The Court does not find merit in any of the challenges to the variation or compensatory time orders made by the learned Federal Magistrate.
conclusion
Whilst, for the reasons the Court has articulated, the contravention findings will be set aside, neither the variation or compensatory time orders will be disturbed.
Neither party seeks to have the proceedings remitted for re-hearing, they being, as Counsel for the respondent sensibly submitted, of no possible practical utility.
costs
The issue of costs is not simple or straightforward. Both parties seek a costs certificate in the event of the appeal being successful. The Court has reservations about the appropriateness of doing so in this case, but in any event, a pre-requisite to the granting of costs certificates is the Court’s conclusion that no order for costs inter-partes is justified in the circumstances.

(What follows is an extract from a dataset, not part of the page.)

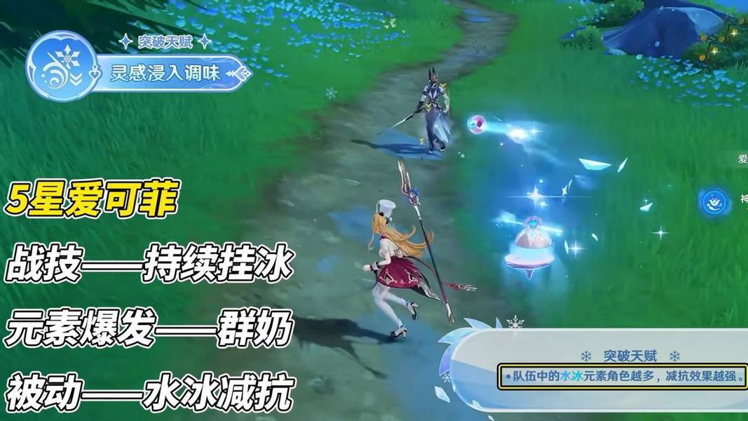 爱可菲(5星、冰元素、长柄武器角色):全新的减抗生存位,除了元素爆发带来的群奶效果、战技持续挂冰,爱可菲还将根据队伍内冰或水元素角色数量,提升技能带来的水冰减抗效果!喜欢玩永冻流派的玩家别错过,苦冻结无增益许久,爱可菲来救你咯~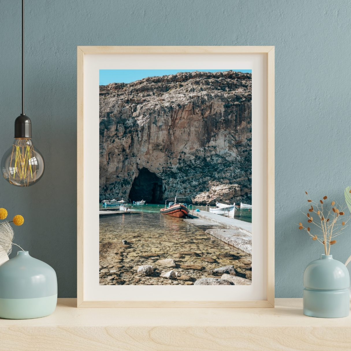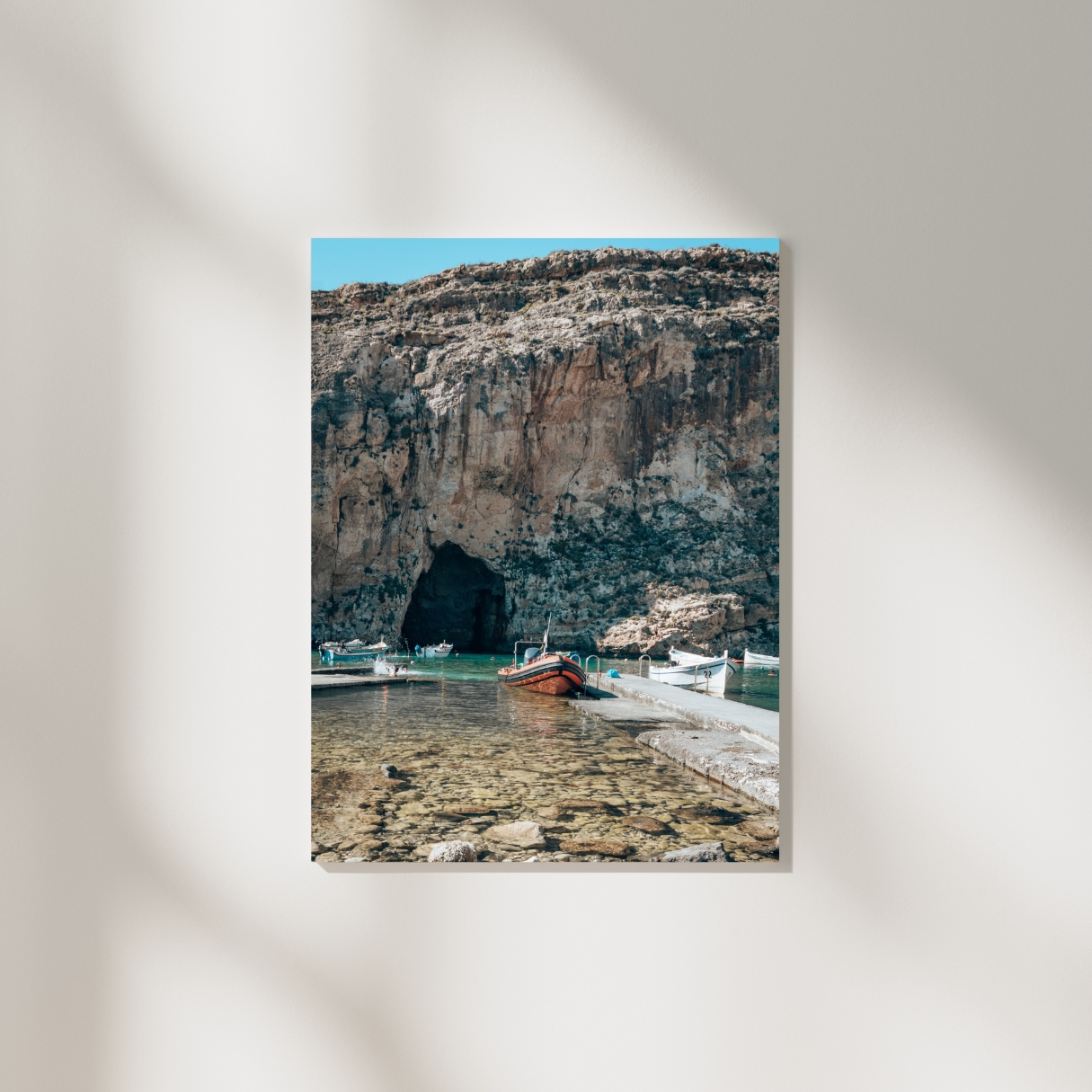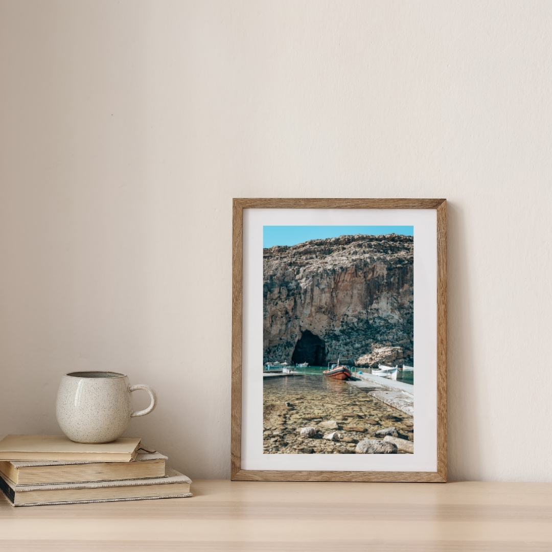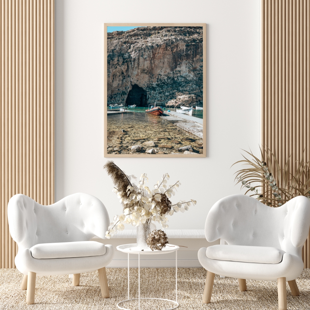 Das Bild lebt von der Mischung aus Ruhe und rauer Landschaft. Es bringt eine klare, leicht dramatische Stimmung in den Raum und passt gut zu minimalistischen Einrichtungen. Wenn du Orte magst, die nicht ganz offensichtlich sind, holst du dir mit diesem Poster ein sehr besonderes Stück Gozo nach Hause.

The Court has not heard submissions in relation to that issue, and cannot deny the parties the opportunity to make such submissions. Given that each party was partially successful in the appeal, and partially unsuccessful, it is difficult to suggest how the Court would conclude that an order for costs was justified in the circumstances.
Given that such success as the appellant enjoyed resulted from issues which were not agitated before the learned Federal Magistrate in the way it was before this Court, reliance upon that success would be problematic.

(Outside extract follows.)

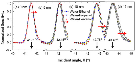 | water–propanol (0.0492) | 41.60° (0) | 42.20° (5) | 42.85° (10) | 43.60° (15) | 3.2 × 104 | 1.56 × 10−6 |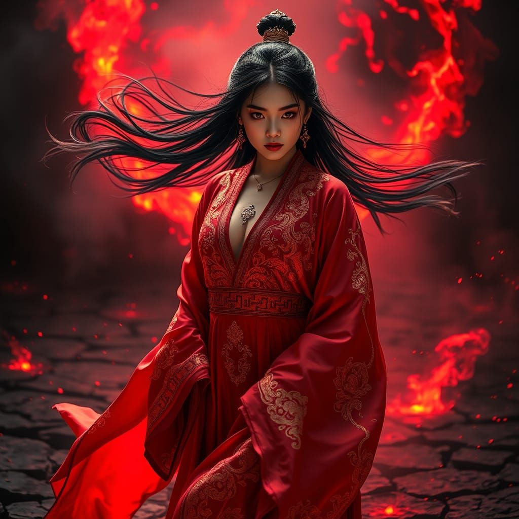 This image shows a powerful young woman in an ancient Chinese silk dress, surrounded by a demonic aura. Red light glows from cracked ground, smoke swirls, and embers float in this hyperrealistic 8K portrait.

The parties are apparently embroiled in litigation at first instance with respect to substantive parenting issues. Whilst the Court cannot in effect wipe its hands of costs questions, it would be far better if the parties simply moved without further ado from this unfortunate chapter in their litigation saga to matters of greater substance.
The Court’s orders will however provide the opportunity for costs submissions to be made.
I certify that the preceding one hundred and three (103) paragraphs are a true copy of the reasons for judgment of the Honourable Justice Coleman delivered on 14 December 2012.